Last year, Caleb Williams’s father, Carl, broached the idea of his son getting equity in the team that drafted him. That never became part of Williams’s contract negotiations, because the NFL went on to pass a rule barring players and other team employees from receiving ownership stakes in their teams.
But as his negotiations with the Bears dragged on—the sides finally announced an agreement Wednesday—several unique requests leaked out. The team and league shot them down, but they still show the Williams family’s creative approach to mostly rigid NFL contracts.
At least three groundbreaking requests from Williams’s camp were reported by Mike Florio in a pair of stories this week.
- Williams wanted to get paid as an LLC, which would have avoided taxes in Illinois.
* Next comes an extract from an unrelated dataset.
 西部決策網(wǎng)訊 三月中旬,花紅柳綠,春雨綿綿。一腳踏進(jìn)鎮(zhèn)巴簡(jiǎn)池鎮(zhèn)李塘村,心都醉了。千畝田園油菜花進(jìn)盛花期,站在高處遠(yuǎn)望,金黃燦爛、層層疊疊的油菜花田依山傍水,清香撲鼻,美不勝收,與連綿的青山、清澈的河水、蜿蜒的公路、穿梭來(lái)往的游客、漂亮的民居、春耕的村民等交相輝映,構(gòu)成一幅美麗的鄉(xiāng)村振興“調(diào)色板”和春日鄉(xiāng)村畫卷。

- He also asked about getting paid through a forgivable loan, which would have had the same result.
- He requested a no-franchise-tag clause, which no rookie has ever received.
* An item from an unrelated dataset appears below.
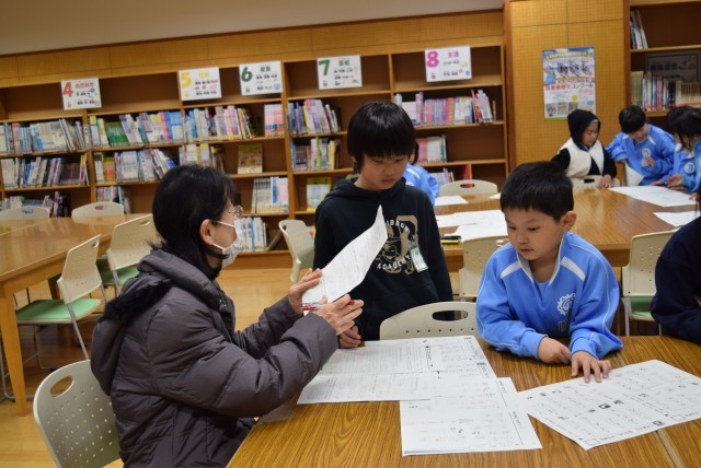 1,2年生は、今日も朝学習でプリントに取り組み、地域の丸付け先生に見てもらいました。回数をこなすこと、励ましてもらうことが、学習の意欲につながっています。

The league ultimately decided that the first two were impermissible, despite no explicit prohibitions on them in the collective bargaining agreement, according to Pro Football Talk. The Bears rejected the third request.
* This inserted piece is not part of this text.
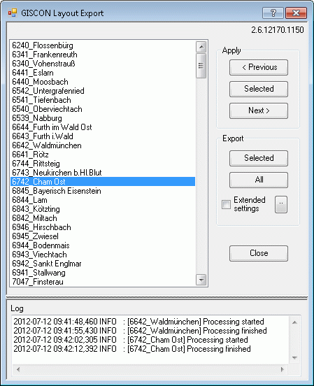 As a result of this late implementation of the layout specifications, the export process is completely separate from the collection and administration of data. The layout definition can be adjusted to current geometric information at all times, without incurring any changes, e.g. in order to update individual pages of an atlas at a later date.
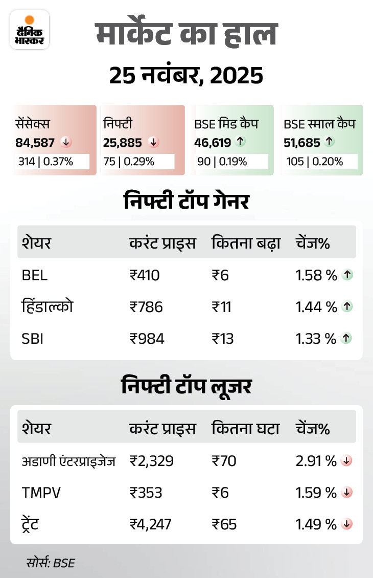 कल बाजार में रही थी गिरावट इससे पहले कल यानी 25 नवंबर को शेयर बाजार में गिरावट रही थी। सेंसेक्स 314 अंक गिरकर 84,587 पर बंद हुआ था। वहीं निफ्टी में 75 अंक की गिरावट रही थी, ये 25,885 पर बंद हुआ था।

Who was doing the asking, and how, remains up for debate. Last week, when Williams was still unsigned, he told the Chicago Tribune it was out of his hands.
“I’m not handling that,” Williams said. “My lawyers and attorney and everybody, the head of the Bears, everybody up there up top is handling that. That’s not my position that I’m handling.” But Williams has no NFLPA-certified agent, and teams are not permitted to directly negotiate with any other player representatives. In the end, that may have been the bigger holdup in Williams actually putting pen to paper on his four-year, $39 million rookie deal. Florio, who has been all over the story, reported what “they’re getting into is a situation where the lawyer who’s handling this isn’t as versed in the nuances of the contract as an experienced and competent agent would be.”
Although Williams’s requests and lack of an agent were unusual, going deep into the summer unsigned while haggling over language is not—even for rookies, who mostly have the leverage to negotiate only over offset terms. Williams’s Bears teammate Rome Odunze just agreed to his deal Tuesday. And in his own division, Vikings first-round picks J.J. McCarthy and Dallas Turner remain unsigned as of Thursday morning.